== Exercise instructions ==
Reproduce, exactly and in full, the lines from the one with "صدر عن وزارة" through the one with "Модернизированная интеллектуальная автоматическая" in the data below; drop pictures.

== Exercise inputs ==
-*-*-

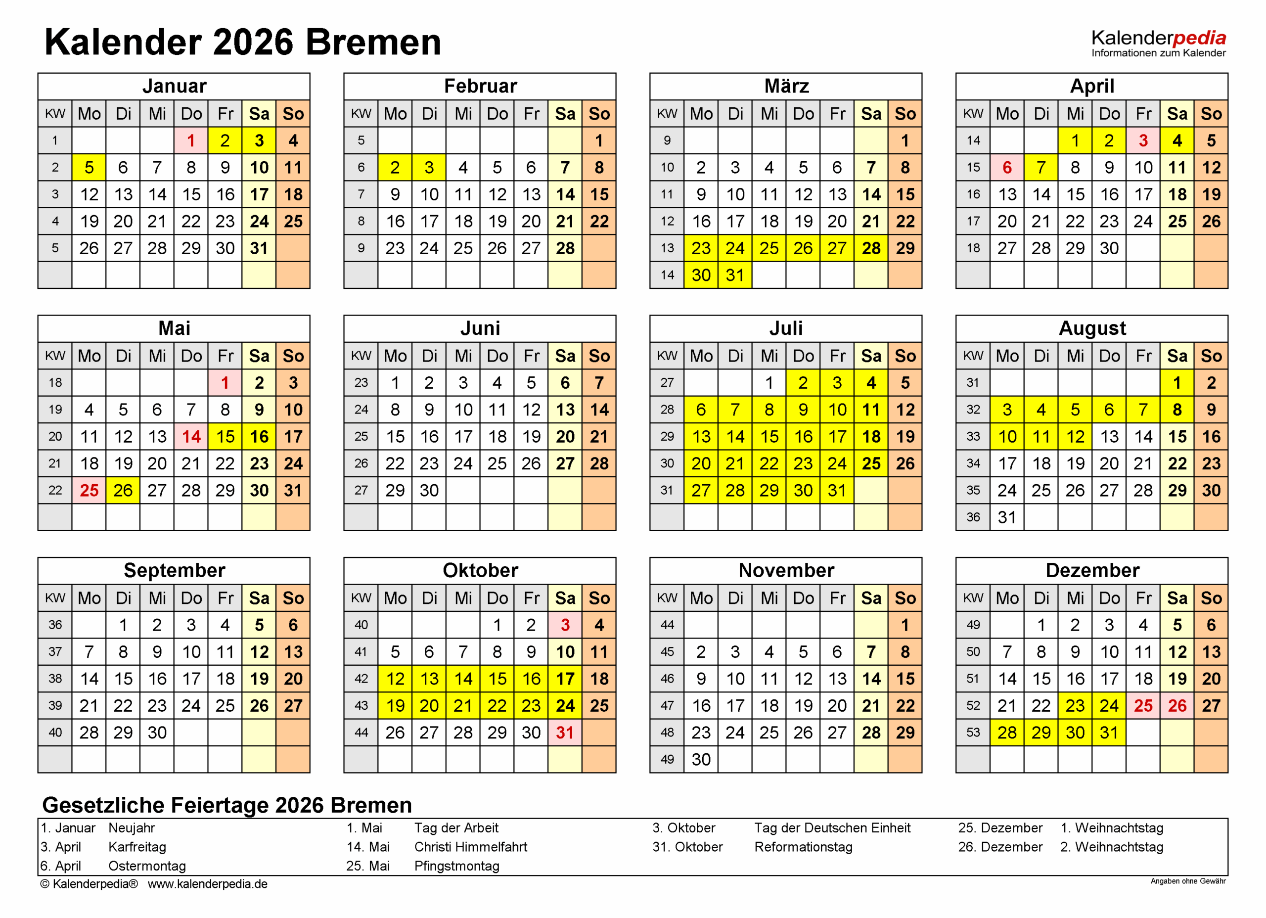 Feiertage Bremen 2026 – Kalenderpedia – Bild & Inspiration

-*-*-

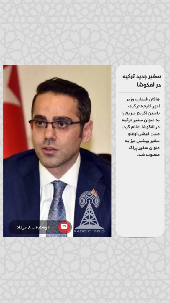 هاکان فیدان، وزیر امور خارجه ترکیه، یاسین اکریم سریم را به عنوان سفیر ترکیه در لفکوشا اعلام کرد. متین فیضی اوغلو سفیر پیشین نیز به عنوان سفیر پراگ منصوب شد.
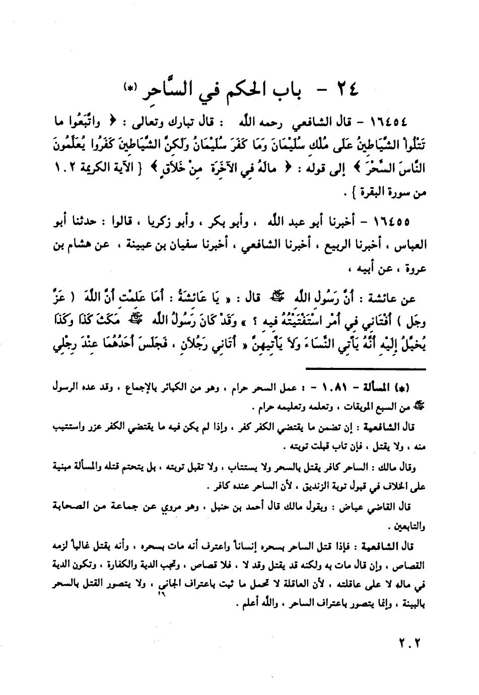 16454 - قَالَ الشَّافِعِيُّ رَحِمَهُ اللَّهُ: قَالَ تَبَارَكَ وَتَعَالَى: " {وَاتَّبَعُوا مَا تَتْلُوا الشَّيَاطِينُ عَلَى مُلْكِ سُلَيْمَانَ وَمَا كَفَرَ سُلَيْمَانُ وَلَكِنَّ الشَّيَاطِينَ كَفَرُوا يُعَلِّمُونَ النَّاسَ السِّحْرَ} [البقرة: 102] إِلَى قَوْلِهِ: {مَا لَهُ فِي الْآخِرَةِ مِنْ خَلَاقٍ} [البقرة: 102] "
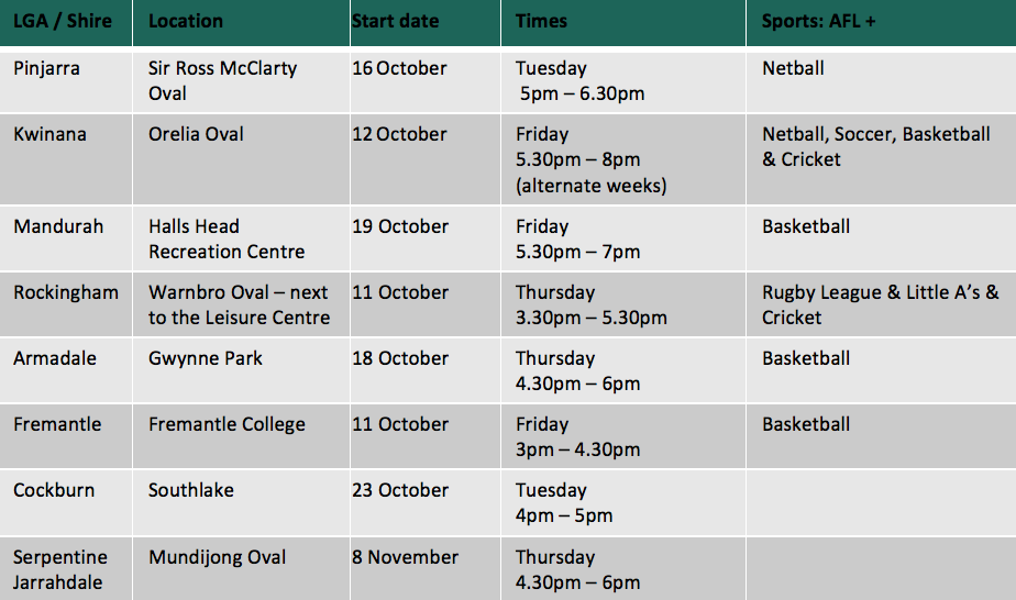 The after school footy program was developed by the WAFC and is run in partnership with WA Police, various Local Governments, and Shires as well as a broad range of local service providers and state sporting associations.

-*-*-

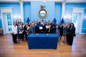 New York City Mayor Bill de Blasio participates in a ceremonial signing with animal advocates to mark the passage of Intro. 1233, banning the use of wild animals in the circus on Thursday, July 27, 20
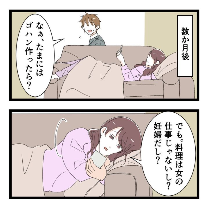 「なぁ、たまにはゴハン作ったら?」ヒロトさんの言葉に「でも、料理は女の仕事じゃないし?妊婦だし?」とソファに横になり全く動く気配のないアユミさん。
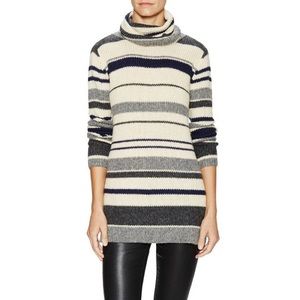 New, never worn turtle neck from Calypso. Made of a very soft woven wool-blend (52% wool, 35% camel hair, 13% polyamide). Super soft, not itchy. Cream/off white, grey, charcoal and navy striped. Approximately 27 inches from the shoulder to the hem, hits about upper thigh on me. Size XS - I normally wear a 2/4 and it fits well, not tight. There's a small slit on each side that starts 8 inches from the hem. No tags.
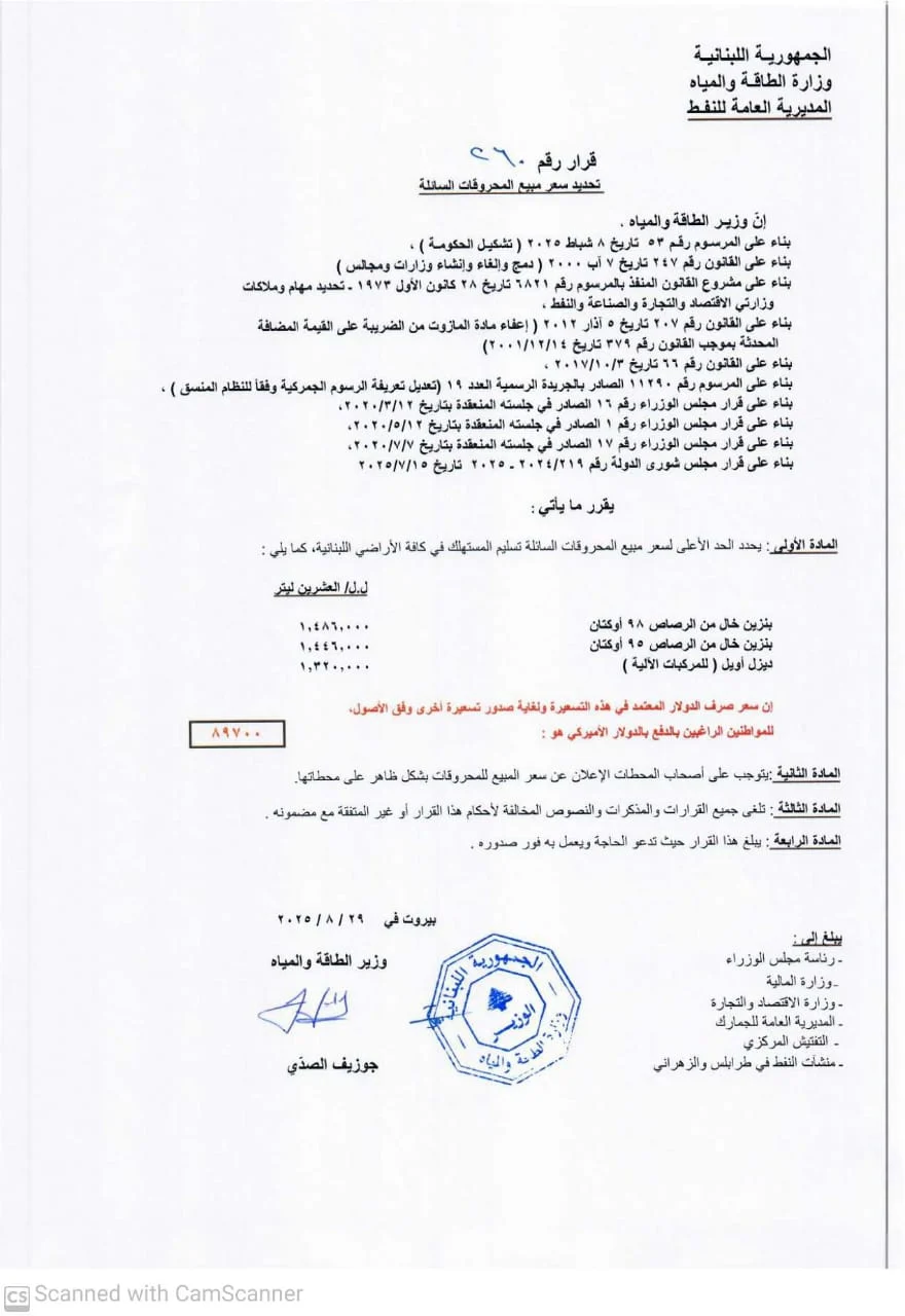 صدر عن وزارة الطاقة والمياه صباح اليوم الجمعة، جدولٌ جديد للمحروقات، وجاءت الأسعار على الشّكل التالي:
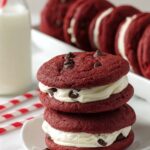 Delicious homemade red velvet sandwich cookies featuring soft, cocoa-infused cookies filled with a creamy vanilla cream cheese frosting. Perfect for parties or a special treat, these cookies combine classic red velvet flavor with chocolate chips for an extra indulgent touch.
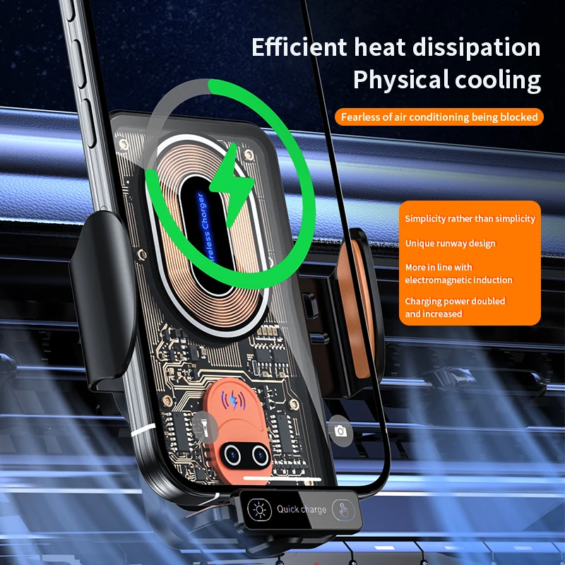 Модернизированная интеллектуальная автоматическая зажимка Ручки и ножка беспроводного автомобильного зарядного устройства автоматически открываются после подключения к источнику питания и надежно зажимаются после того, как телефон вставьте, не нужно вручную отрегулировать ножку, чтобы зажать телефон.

-*-*-

== Your response ==
 صدر عن وزارة الطاقة والمياه صباح اليوم الجمعة، جدولٌ جديد للمحروقات، وجاءت الأسعار على الشّكل التالي:
 Delicious homemade red velvet sandwich cookies featuring soft, cocoa-infused cookies filled with a creamy vanilla cream cheese frosting. Perfect for parties or a special treat, these cookies combine classic red velvet flavor with chocolate chips for an extra indulgent touch.
 Модернизированная интеллектуальная автоматическая зажимка Ручки и ножка беспроводного автомобильного зарядного устройства автоматически открываются после подключения к источнику питания и надежно зажимаются после того, как телефон вставьте, не нужно вручную отрегулировать ножку, чтобы зажать телефон.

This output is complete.